What is being asked.
Keeping every word the same, give again only the lines from the one with "生活面を象徴する運勢です。外" through the end of the data, both included, and leave every picture out.

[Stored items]
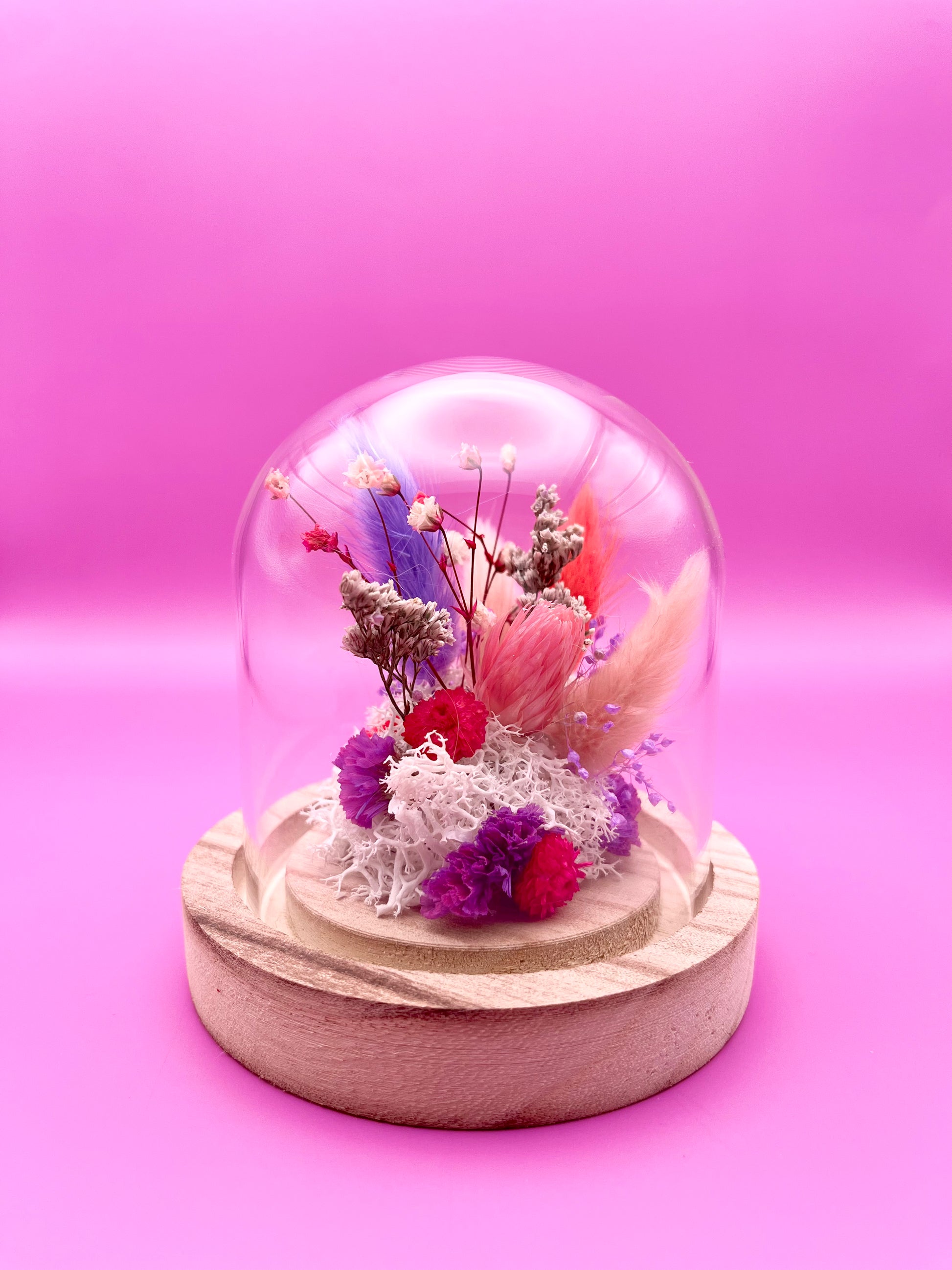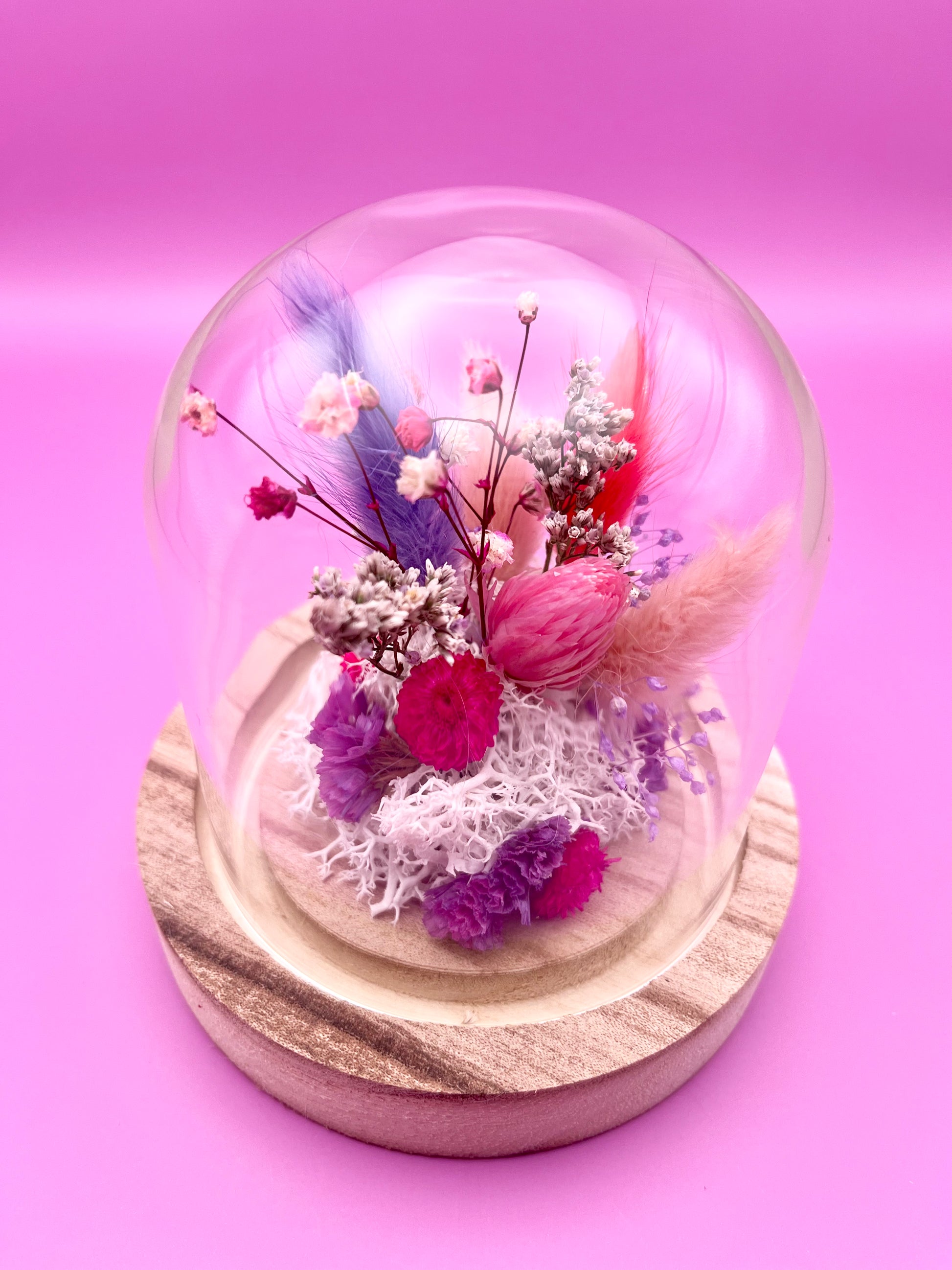 Cette cloche en verre est ornée de fleurs séchés dans un camaïeu de rose et violet. Elle apportera une touche de douceur et de gaieté à votre intérieur, tout en célébrant la beauté de la nature. Chaque pièce est soigneusement réalisée à la main avec amour dans mon atelier, alliant esthétique et respect de l’environnement.
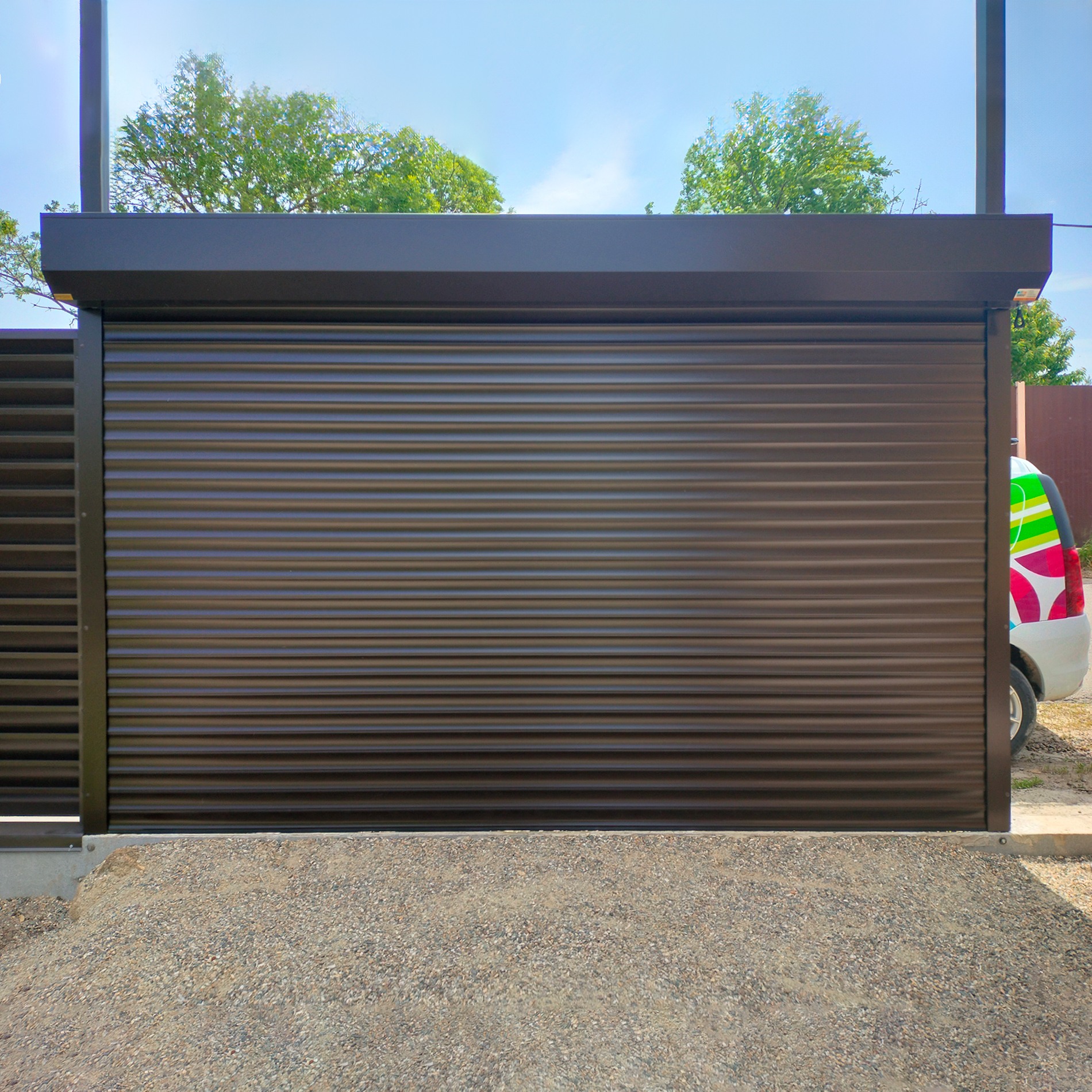 При желании клиента мы можем установить дополнительную защиту для ворот темных оттенков при условии, что они постоянно освещаются солнцем или разница температур наружней и внешней поверхности достигает 40 градусов.
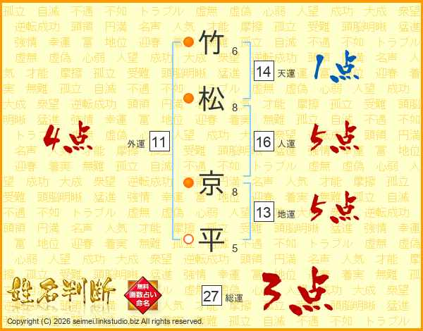 生活面を象徴する運勢です。外部から受ける影響力を表し、結婚運、家庭運や職場、環境への順応性を表します。総運から人運を引いた画数。姓や名が1文字の場合を除く。
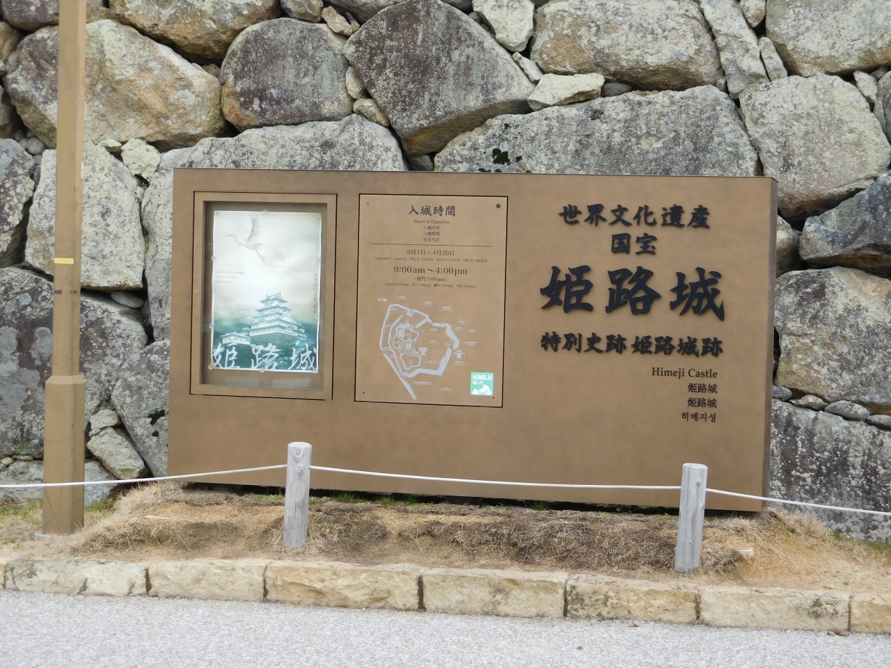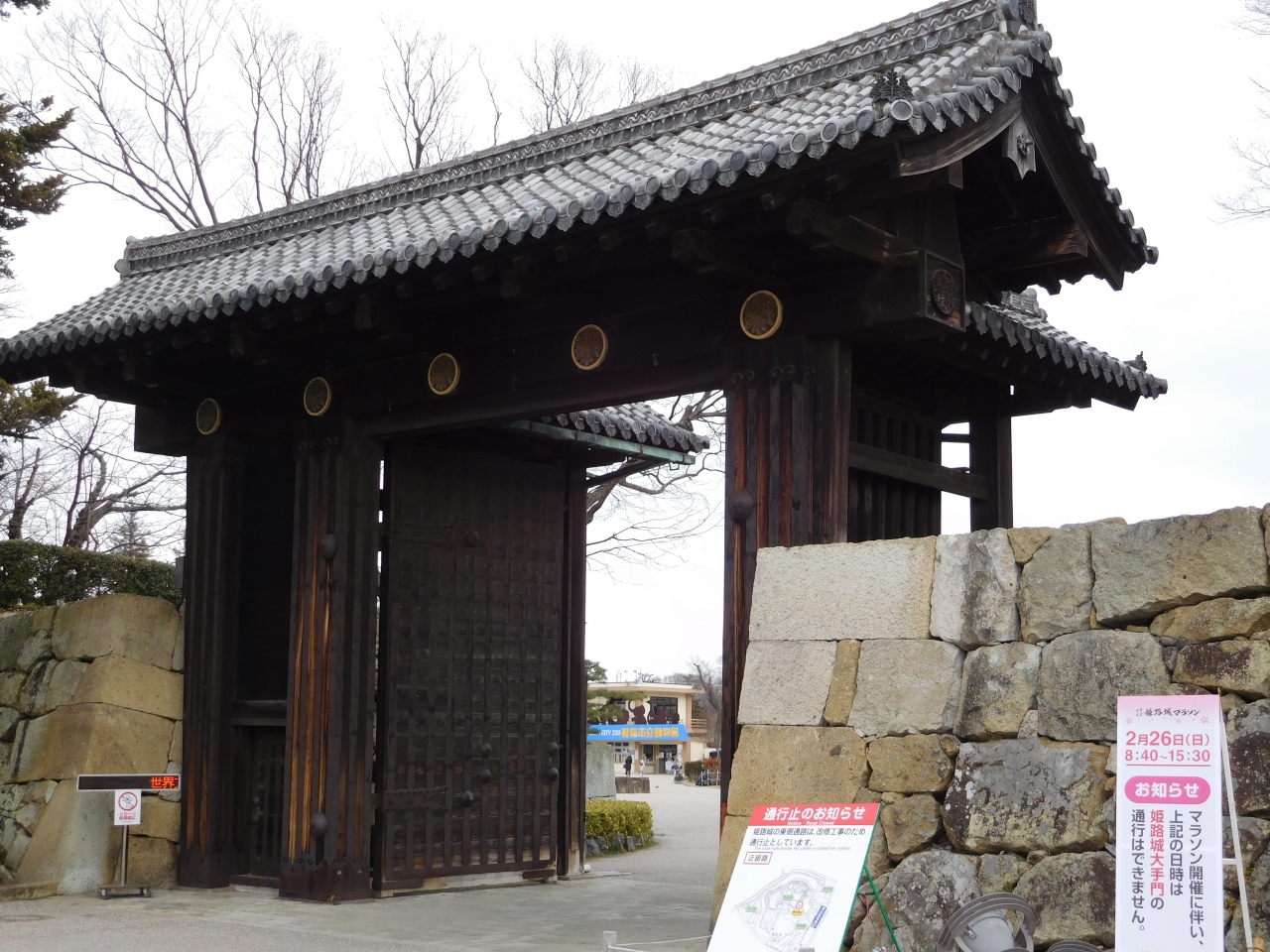 姫路城の内堀にかかる「桜門橋」を渡り、姫路城に入る際に、最初に通る門が「大手門」になります。とても重厚で、歴史が感じられるような雰囲気の門ですが、昭和に入ってから再建されたようです。門のすぐそばには、電子掲示板が置いてあり、ちょっと違和感を感じてしまいました。
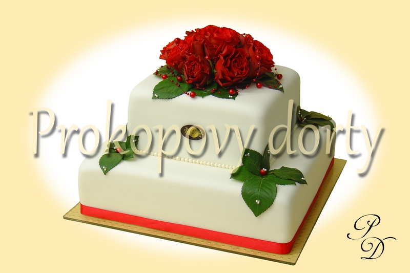 Popis: Dortový korpus protažený lehkým máslovým krémem, chuť dle přání, potažený bílou modelovací hmotou, dekorovaný modelovanými růžemi, lístky, jedlé korálky.
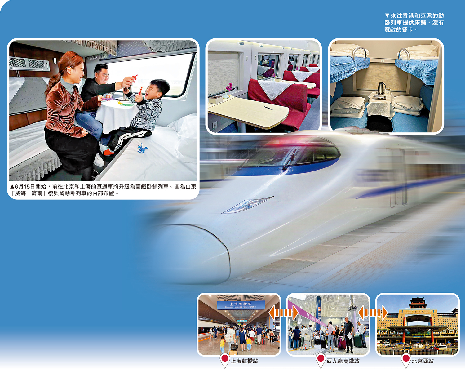 香港與內地民眾往來頻繁,跨境交通服務持續優化。京港和滬港直通車下周六(15日)起,升級由高鐵卧鋪動車運行,車程縮短8至12小時,香港改以西九龍作總站,將以「夕發朝至」模式行駛,即傍晚出發、早上抵埗,首次引入有睡眠設施的卧鋪列車,乘客可以節省一晚酒店費用。
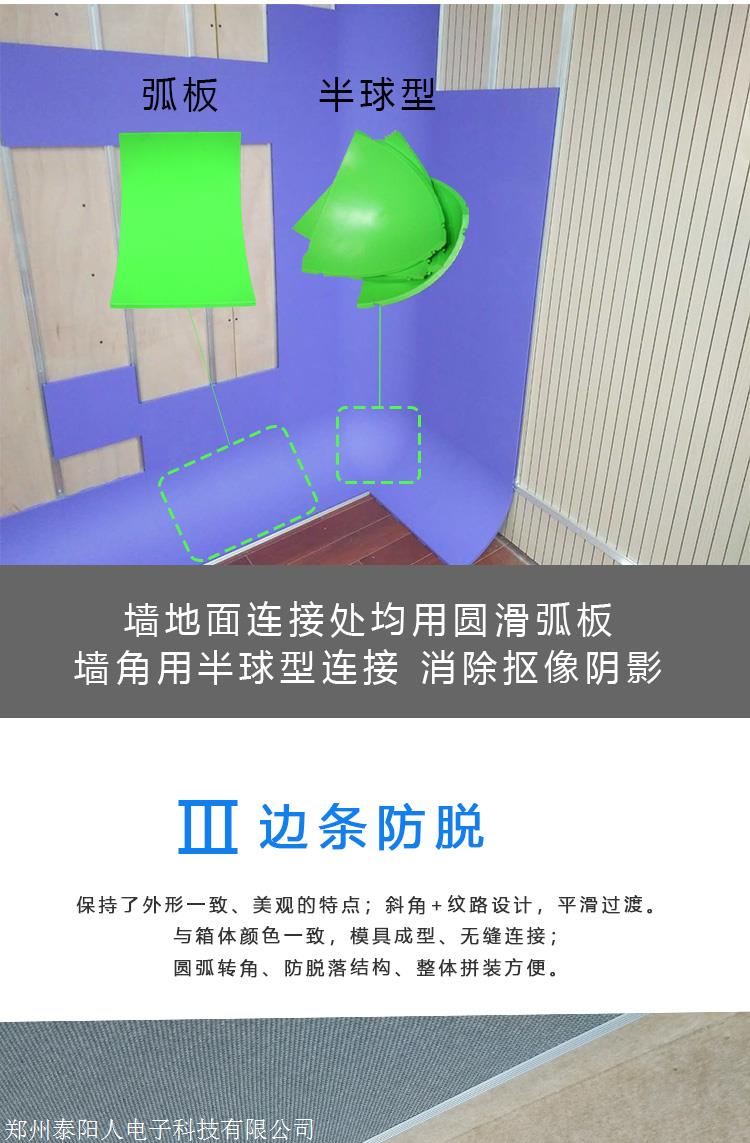 模块化、拼接式、虚拟蓝箱设计无需刷漆,可反复利用,便于施工,本方案涉及了多个模块化产品,蓝箱部分分为墙板、弧形板、球形板、地板,铝合金底支架,均为数控磨具产品,一次成型,尺寸标准,颜色一致,无批次差;地板设计防水、强度高,耐磨,不变色;

Exercise output.
 生活面を象徴する運勢です。外部から受ける影響力を表し、結婚運、家庭運や職場、環境への順応性を表します。総運から人運を引いた画数。姓や名が1文字の場合を除く。
 姫路城の内堀にかかる「桜門橋」を渡り、姫路城に入る際に、最初に通る門が「大手門」になります。とても重厚で、歴史が感じられるような雰囲気の門ですが、昭和に入ってから再建されたようです。門のすぐそばには、電子掲示板が置いてあり、ちょっと違和感を感じてしまいました。
 Popis: Dortový korpus protažený lehkým máslovým krémem, chuť dle přání, potažený bílou modelovací hmotou, dekorovaný modelovanými růžemi, lístky, jedlé korálky.
 香港與內地民眾往來頻繁,跨境交通服務持續優化。京港和滬港直通車下周六(15日)起,升級由高鐵卧鋪動車運行,車程縮短8至12小時,香港改以西九龍作總站,將以「夕發朝至」模式行駛,即傍晚出發、早上抵埗,首次引入有睡眠設施的卧鋪列車,乘客可以節省一晚酒店費用。
 模块化、拼接式、虚拟蓝箱设计无需刷漆,可反复利用,便于施工,本方案涉及了多个模块化产品,蓝箱部分分为墙板、弧形板、球形板、地板,铝合金底支架,均为数控磨具产品,一次成型,尺寸标准,颜色一致,无批次差;地板设计防水、强度高,耐磨,不变色;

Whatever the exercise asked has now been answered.